── Input data ──

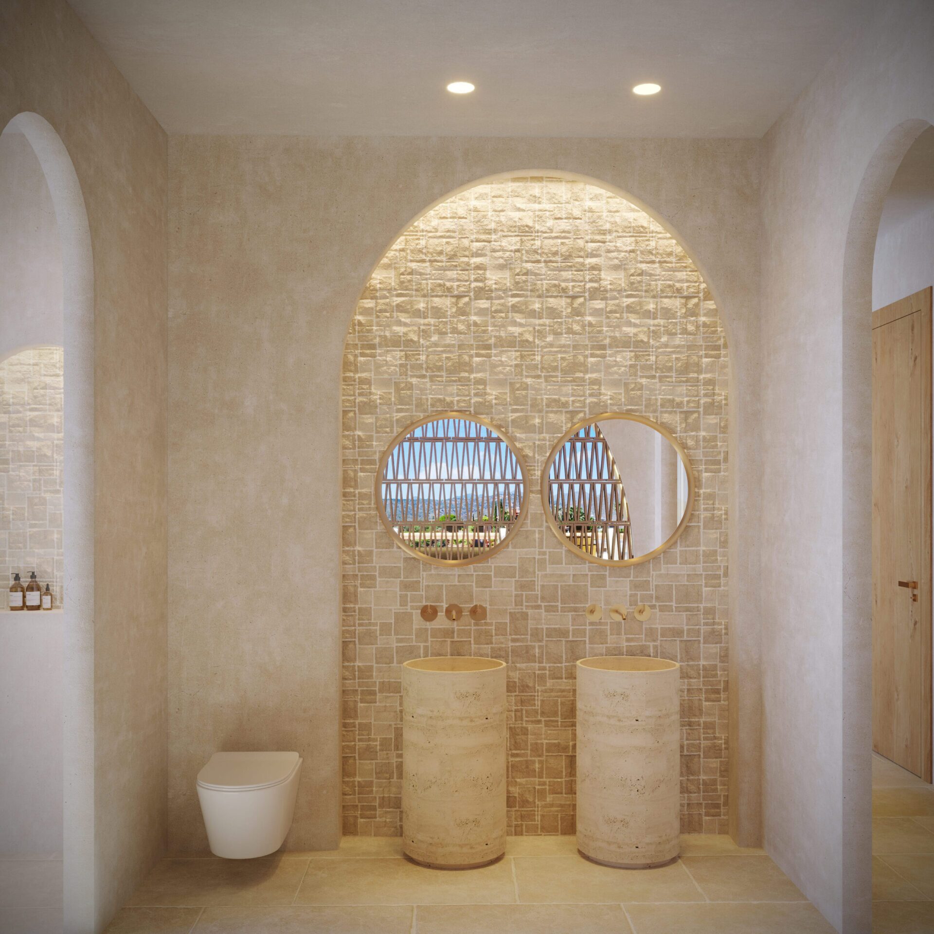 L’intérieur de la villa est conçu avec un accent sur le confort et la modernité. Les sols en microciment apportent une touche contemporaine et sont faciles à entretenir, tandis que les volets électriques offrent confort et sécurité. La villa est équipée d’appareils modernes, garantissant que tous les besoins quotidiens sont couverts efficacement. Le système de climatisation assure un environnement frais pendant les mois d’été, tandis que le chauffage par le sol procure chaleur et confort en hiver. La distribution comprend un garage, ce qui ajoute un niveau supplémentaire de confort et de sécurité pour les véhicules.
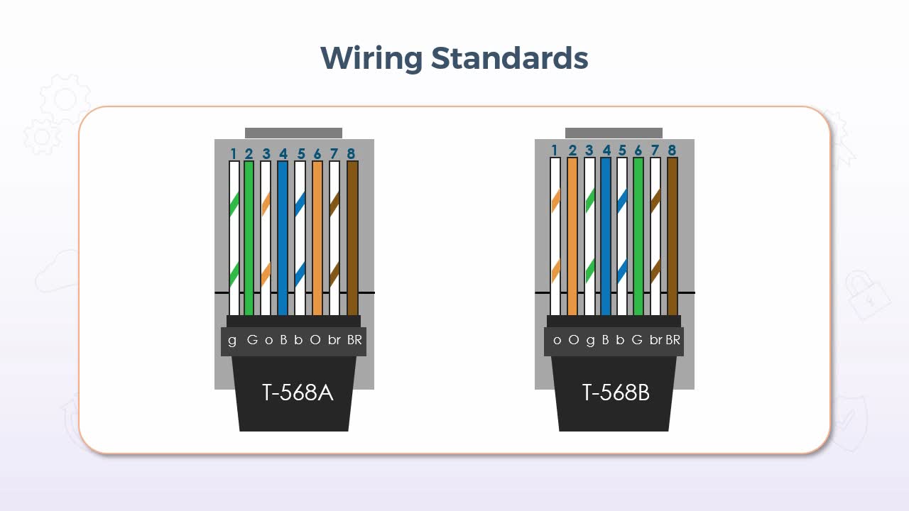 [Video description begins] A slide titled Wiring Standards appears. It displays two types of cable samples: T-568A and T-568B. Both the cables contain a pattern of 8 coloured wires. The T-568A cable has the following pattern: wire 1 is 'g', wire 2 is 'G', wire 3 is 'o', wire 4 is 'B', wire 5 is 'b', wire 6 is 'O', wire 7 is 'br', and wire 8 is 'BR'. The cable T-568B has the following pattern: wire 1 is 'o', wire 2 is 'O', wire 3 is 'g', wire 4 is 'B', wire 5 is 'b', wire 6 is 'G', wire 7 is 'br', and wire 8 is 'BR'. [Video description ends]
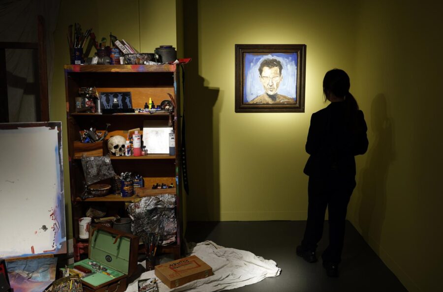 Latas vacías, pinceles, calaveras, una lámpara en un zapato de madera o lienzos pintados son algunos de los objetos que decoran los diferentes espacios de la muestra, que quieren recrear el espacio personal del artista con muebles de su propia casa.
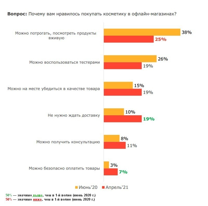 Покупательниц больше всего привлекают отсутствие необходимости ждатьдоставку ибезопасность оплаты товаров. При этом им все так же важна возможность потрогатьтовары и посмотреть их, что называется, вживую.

───
── Input data ──

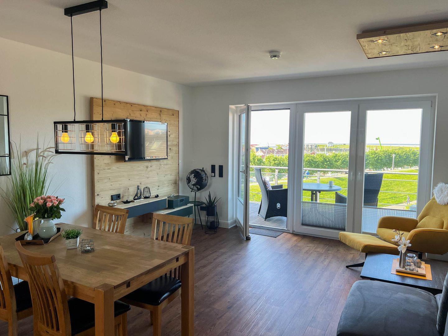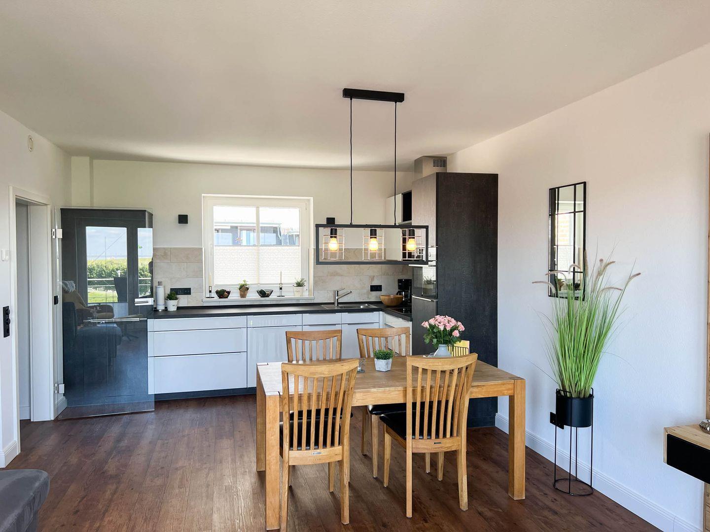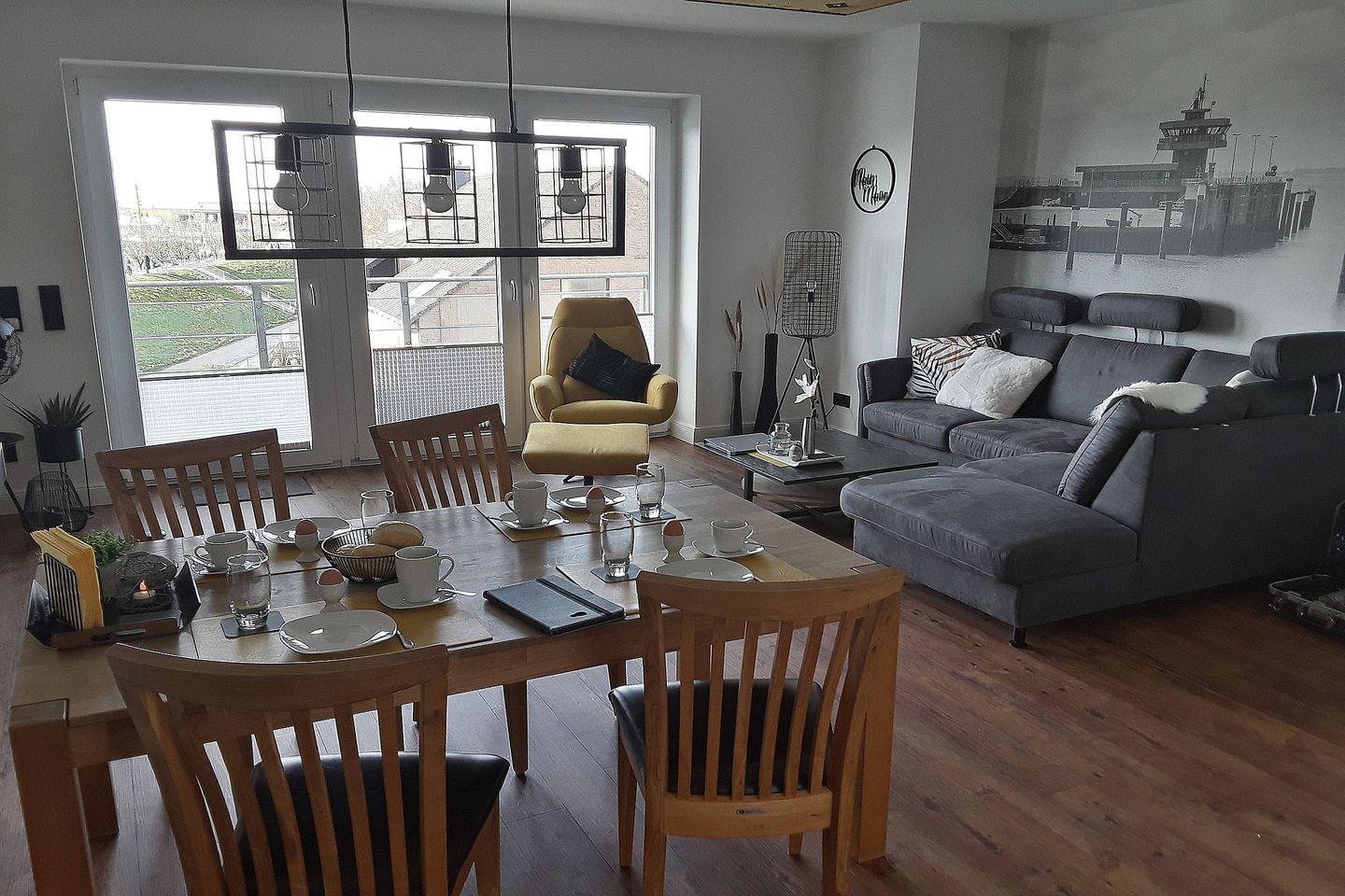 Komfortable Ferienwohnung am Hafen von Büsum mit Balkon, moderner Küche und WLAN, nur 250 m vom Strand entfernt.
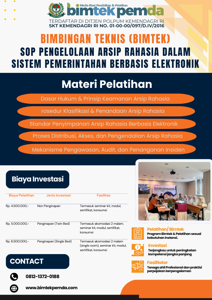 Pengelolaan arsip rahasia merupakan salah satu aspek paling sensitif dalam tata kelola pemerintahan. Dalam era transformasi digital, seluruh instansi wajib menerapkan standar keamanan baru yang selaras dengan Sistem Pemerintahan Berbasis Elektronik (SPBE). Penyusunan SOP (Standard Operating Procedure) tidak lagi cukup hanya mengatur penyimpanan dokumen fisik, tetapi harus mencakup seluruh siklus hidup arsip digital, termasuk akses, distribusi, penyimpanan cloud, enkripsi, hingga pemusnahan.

───
── Input data ──

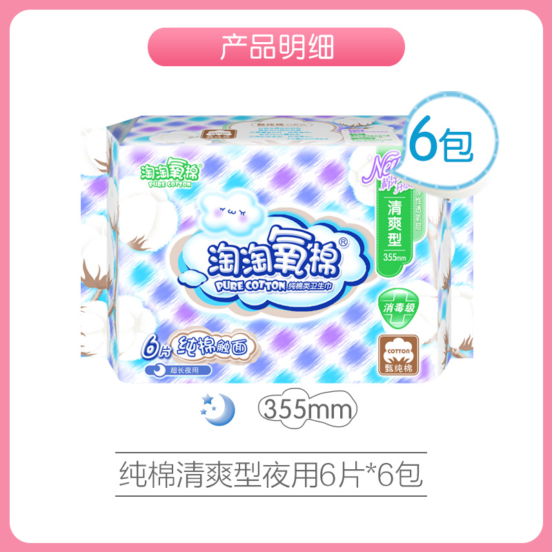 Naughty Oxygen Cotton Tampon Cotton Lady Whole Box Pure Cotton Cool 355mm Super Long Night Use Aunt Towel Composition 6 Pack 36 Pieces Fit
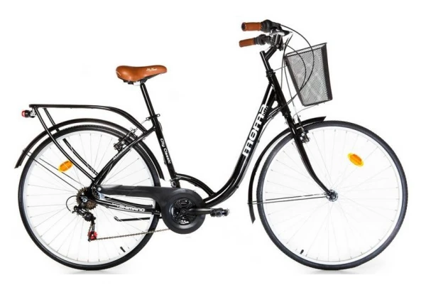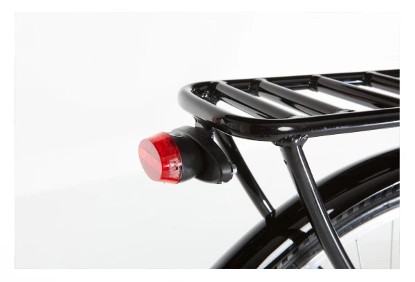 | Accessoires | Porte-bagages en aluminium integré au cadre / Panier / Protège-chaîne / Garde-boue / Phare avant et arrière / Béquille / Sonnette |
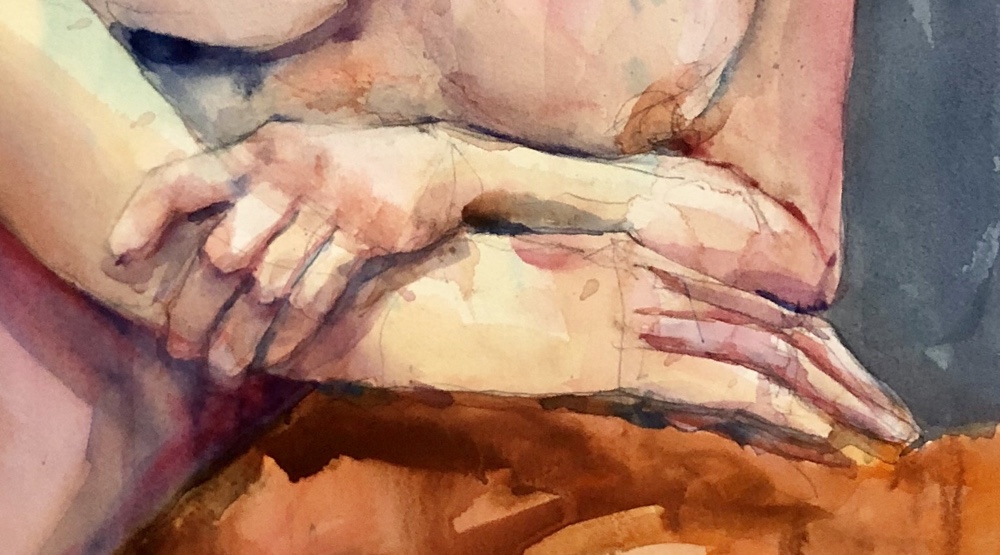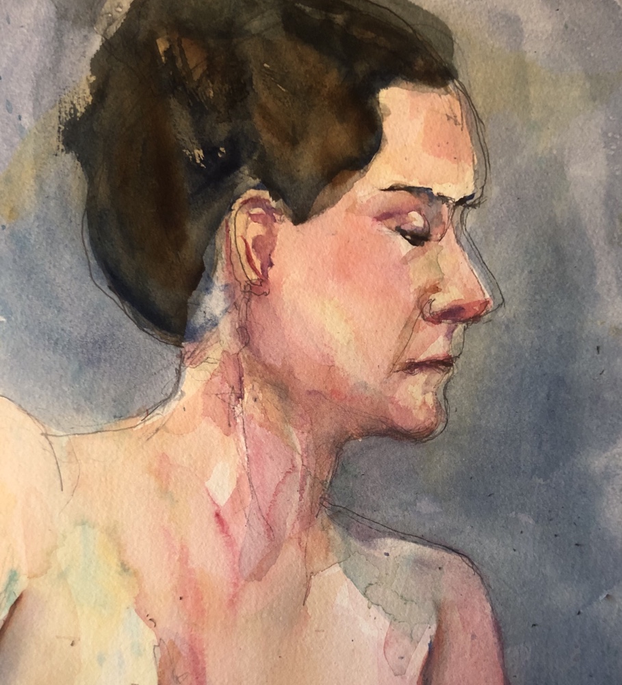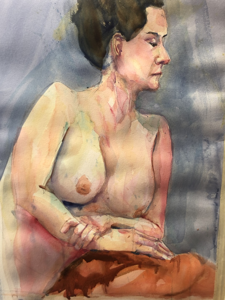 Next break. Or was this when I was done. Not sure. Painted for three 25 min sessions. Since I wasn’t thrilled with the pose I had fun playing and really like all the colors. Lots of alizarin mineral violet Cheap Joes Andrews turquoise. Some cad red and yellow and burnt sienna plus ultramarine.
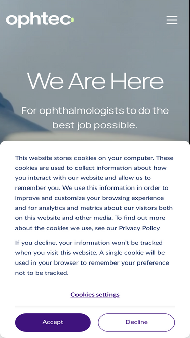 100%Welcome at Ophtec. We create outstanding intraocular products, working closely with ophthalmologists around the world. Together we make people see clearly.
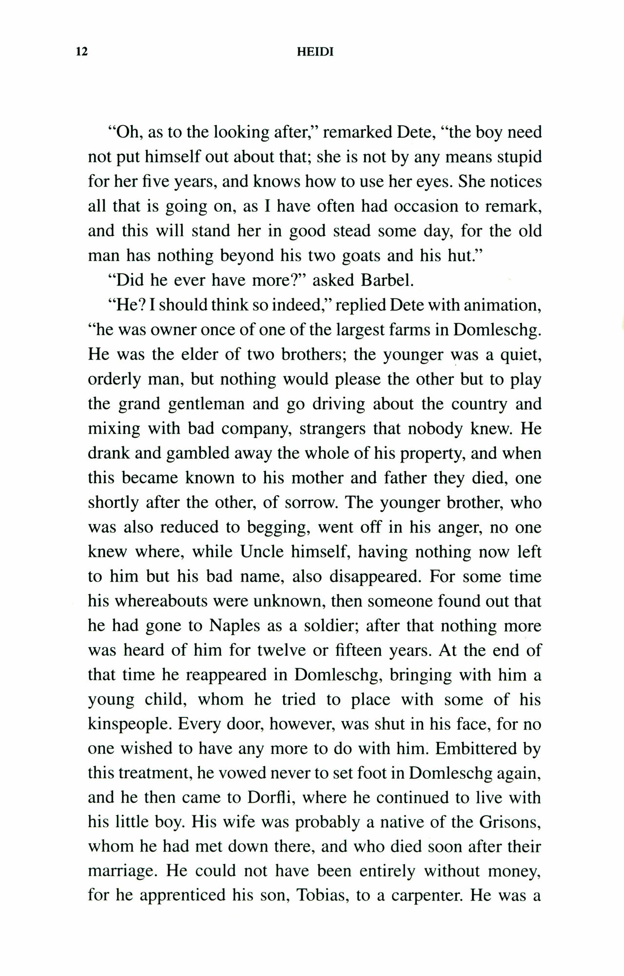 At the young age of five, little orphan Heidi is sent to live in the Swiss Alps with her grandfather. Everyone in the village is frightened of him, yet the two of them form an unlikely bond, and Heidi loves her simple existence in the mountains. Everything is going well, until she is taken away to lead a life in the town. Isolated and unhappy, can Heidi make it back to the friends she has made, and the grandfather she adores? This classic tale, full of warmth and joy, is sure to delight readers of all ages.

───

# [Work to complete]
When you reach the line holding "Béquille / Sonnette |" in the listing above, begin retyping exactly, and stop once the line holding "At the young" is done; pictures stay out.

# [Exercise result]
 | Accessoires | Porte-bagages en aluminium integré au cadre / Panier / Protège-chaîne / Garde-boue / Phare avant et arrière / Béquille / Sonnette |
 Next break. Or was this when I was done. Not sure. Painted for three 25 min sessions. Since I wasn’t thrilled with the pose I had fun playing and really like all the colors. Lots of alizarin mineral violet Cheap Joes Andrews turquoise. Some cad red and yellow and burnt sienna plus ultramarine.
 100%Welcome at Ophtec. We create outstanding intraocular products, working closely with ophthalmologists around the world. Together we make people see clearly.
 At the young age of five, little orphan Heidi is sent to live in the Swiss Alps with her grandfather. Everyone in the village is frightened of him, yet the two of them form an unlikely bond, and Heidi loves her simple existence in the mountains. Everything is going well, until she is taken away to lead a life in the town. Isolated and unhappy, can Heidi make it back to the friends she has made, and the grandfather she adores? This classic tale, full of warmth and joy, is sure to delight readers of all ages.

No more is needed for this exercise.